Solution: 1. Set up AWS Budgets and Snowflake Resource Monitors (you've done this!) 2. Review top 10 most expensive queries monthly 3. Archive cold data to S3 after 2 years

Challenge: Siloed Observability

Symptom: Each team has their own monitoring tools, no unified view

Solution: 1. Centralise logs in CloudWatch 2. Use OpenMetadata as single source of truth for metadata 3. Create shared Slack channels for alerts (#data-alerts, #data-critical)

Challenge: No Time for Observability

Symptom: "We're too busy building features to invest in observability"

Solution: 1. Start small — add Elementary to one critical table 2. Demonstrate value — show how one anomaly detection prevented an incident 3. Make observability part of definition of done (every new model must have tests)

Resources

Documentation

Community

dbt Slack Community — #advice-dbt-tests channel
Locally Optimistic Slack — Data professionals community
Data Engineering Subreddit
Prefect Slack Community

Courses

DataCamp: Data Quality in Python
Udemy: dbt Fundamentals
Elementary Academy — Free courses on data observability

Blogs

Summary

You've completed the Observability section:

Data quality testing — dbt tests, dbt_expectations, Elementary
Data cataloging — OpenMetadata with lineage, search, and governance
Pipeline monitoring — Prefect automations, Slack alerts, custom metrics
Cost monitoring — Snowflake Resource Monitors, AWS Budgets, cost attribution
Alerting and incidents — runbooks, on-call rotations, post-incident reviews
Logging and debugging — CloudWatch Logs, query profiling, systematic troubleshooting
Anomaly detection — Elementary automated detection, custom SQL checks, Great Expectations

Total monthly cost: ~$80-100 (Elementary + OpenMetadata self-hosted + CloudWatch Logs)

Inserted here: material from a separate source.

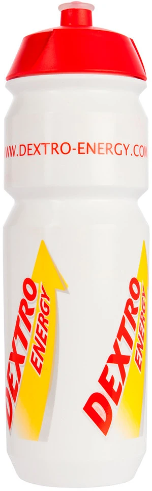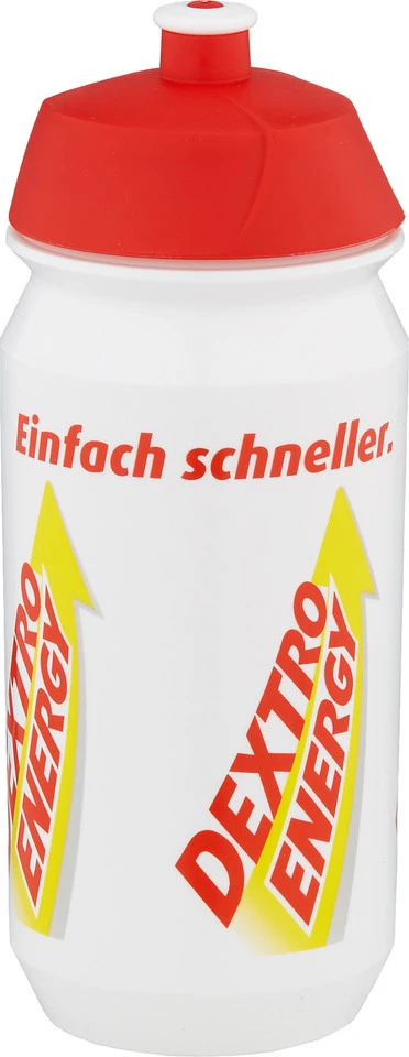 PET Trinkflasche im Dextro Energy Design (gelb-rot auf weißem Grund).

You've built a production-grade observability stack that provides: - Proactive issue detection — catch problems before users notice - Fast debugging — resolve incidents in minutes, not hours - Cost control — prevent surprise bills - Continuous improvement — learn from incidents and prevent recurrence

What's Next

Your modern data stack is now observable, reliable, and cost-efficient.

Next recommended section: Build: Data Transformation (Advanced dbt patterns, materialisation strategies, performance optimisation)

Alternative paths: - Build: Reverse ETL (close the loop) - Build: Data Governance (compliance and access control) - Maintain: Operations and Runbooks (day-to-day platform management)

Congratulations on completing the Observability section!

You've transformed a black-box data platform into an observable, debuggable, and reliable system. Your team can now detect issues early, debug problems quickly, and continuously improve data quality.